United States v. Velasquez
5:11-cr-50075
W.D. Ark.Apr 25, 2022Background
- Defendant Arles Velasquez convicted by jury of: witness tampering (18 U.S.C. §1512(a)(2)(A)), conspiracy to distribute methamphetamine (21 U.S.C. §841), and possession of a firearm by a prohibited person (18 U.S.C. §922(g)).
- Original aggregate sentence was 324 months; court reduced it to 262 months in 2015 after a retroactive Guideline amendment; projected release date November 3, 2029.
- Offense involved an active role in a conspiracy responsible for 5–15 kilograms of methamphetamine and, while in custody, Velasquez arranged an assault on a co‑conspirator he accused of being a “rat.”
- Velasquez filed a motion under the First Step Act/18 U.S.C. §3582(c) requesting reduction to time served and claimed he exhausted BOP administrative remedies.

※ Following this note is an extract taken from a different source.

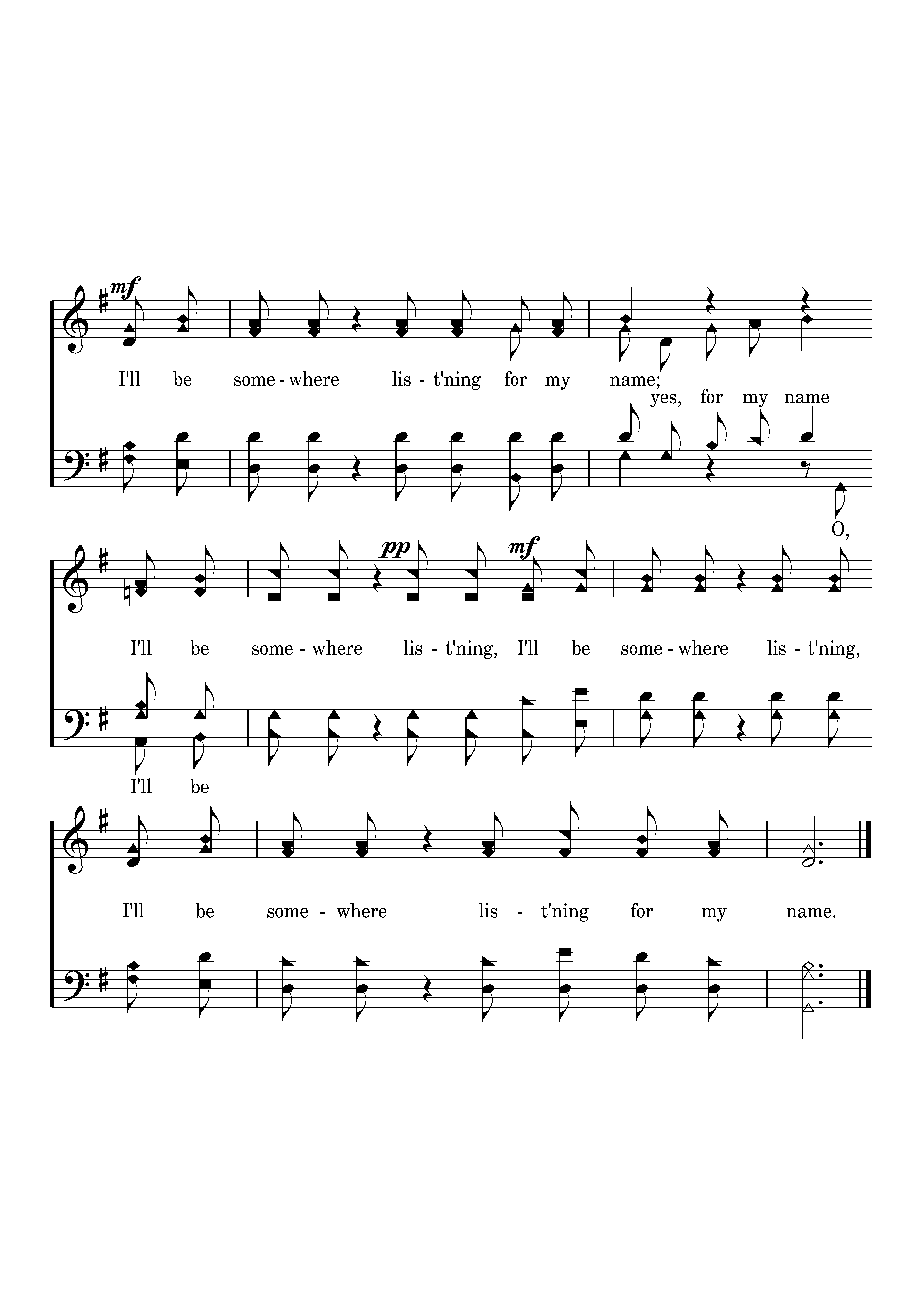 I'll be somewhere list'ning, I'll be somewhere list'ning, I'll be somewhere list'ning for my name, yeas, for my name; I'll be somewhere list'ning, I'll be somewhere list'ning I'll be somewhere list'ning for my name.

- Court applied the §3582(c) framework (exhaustion, extraordinary/compelling reasons consistent with Sentencing Commission policy statements, and consideration of 18 U.S.C. §3553(a) factors) and denied the motion because §3553(a) factors did not support release.
Issues
| Issue | Plaintiff's Argument | Defendant's Argument | Held |
|---|---|---|---|
| Procedural eligibility (exhaustion) for §3582(c) motion | United States implicitly opposed release; emphasized standards must be met | Velasquez asserted he exhausted BOP remedies | Court proceeded without requiring a response and treated exhaustion as satisfied/claimed; denial was on merits (§3553(a)), not exhaustion |
| Whether extraordinary and compelling reasons justify reduction | Government would not find such reasons shown (no response filed) | Velasquez argued his sentence would be much lower if sentenced today | Court did not grant relief on this ground; analysis focused on §3553(a) factors rather than finding extraordinary/compelling reasons |
| Whether §3553(a) factors warrant reduction to time served | United States: reduction unwarranted given offense seriousness and need to avoid disparity | Velasquez: sentence is excessive under current law/guidelines; asks time served | Denied. Court found the nature, seriousness (5–15 kg meth; arranged assault while in custody), and current guideline range (262–327 months) support the existing 262‑month term |
Key Cases Cited
- No cases with official reporter citations were cited in the opinion.